As will be appreciated, inverters 26, 28, and 32 cooperate with transistor 33 to selectively generate current to bus 40' while inverters 30 and 32 cooperate with transistor 34 to provide a "current sink" circuit. Since these circuits are dissimilar (i.e. each having a different number of circuit elements 26, 28, 30 and 31, 32), they activate respective transistors 33 and 34 at different time intervals after receipt of respective signals 22, 20. These different activation time intervals are caused by the cumulative delay differences between the respective first phase comparator output signal reception element (i.e. 26 or 30) and the respective target transistor (i.e. 33 or 34). These delay disparities result in many of the previously-discussed difficulties.
Moreover, since transistors 33 and 34 are normally operated in a low impedance output state it is difficult, due to transistor fabrication constraints, to match such dissimilar N-type and P-type transistors. Such matching difficulties in combination with variations in the current output from the voltage source causes unequal current source and sink amplitudes. It should be apparent to those of ordinary skill in the art that such amplitude differences will degrade charge pump performance.
Referring now to FIG. 3, there is shown a second prior art charge pump circuit 24" which differs from circuit 24' by the use of bipolar transistors 35 and 37 and respective biasing resistors 39, 41, 42, and 43 in place of transistors 33 and 34. Specifically, resistors 42 and 43 are respectively coupled to the base and emitter of transistors 35 and 37. Resistors 41 and 39 are respectively coupled to inverters 30' and 32' and to resistors 42 and 43.

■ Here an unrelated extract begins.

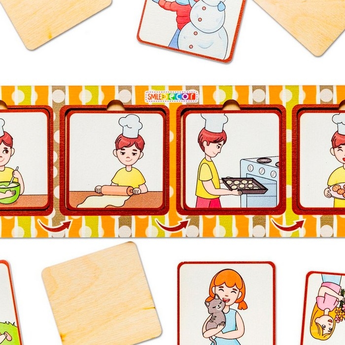 - Игра «Что не так?» Перед началом игры разложите картинки из одной серии в «окошки», заведомо допустив ошибки. Задача ребёнка – найти и исправить ваши неточности, объяснить, почему необходимо поменять картинки местами.

The operation of circuit 24" is substantially similar to that of circuit 24' in that logically high signals 22 and 20 respectively cause current to flow from the collector of transistors 35 and 37, thereby selectively sourcing and sinking current. When signals 22 and 20 are logically low, resistor pairs 41, 42 and 39, 43 respectively provide a path which applies the potential of source 36' to the base of transistor 35 and discharges current from the base of transistor 37 to ground, thereby preventing substantially any current from being sourced or sunk.
While circuit 24" adequately and selectively sources and sinks current it suffers from the same drawbacks as previously described with respect to circuit 24'. Moreover, it should be appreciated that circuits 24' and 24" have been described without reference to the manner in which signal 18 (shown and previously described with reference to FIG. 1) is generated. Such description is not necessary to adequately illustrate the various deficiencies associated with these prior charge pump circuits.
Therefore, there is a need to provide a charge pump circuit having substantially identical source and sink current amplitudes, substantially identical source and sink activation time intervals, relatively low static power utilization, and having currents that are relatively insensitive to variations in voltage supply output current.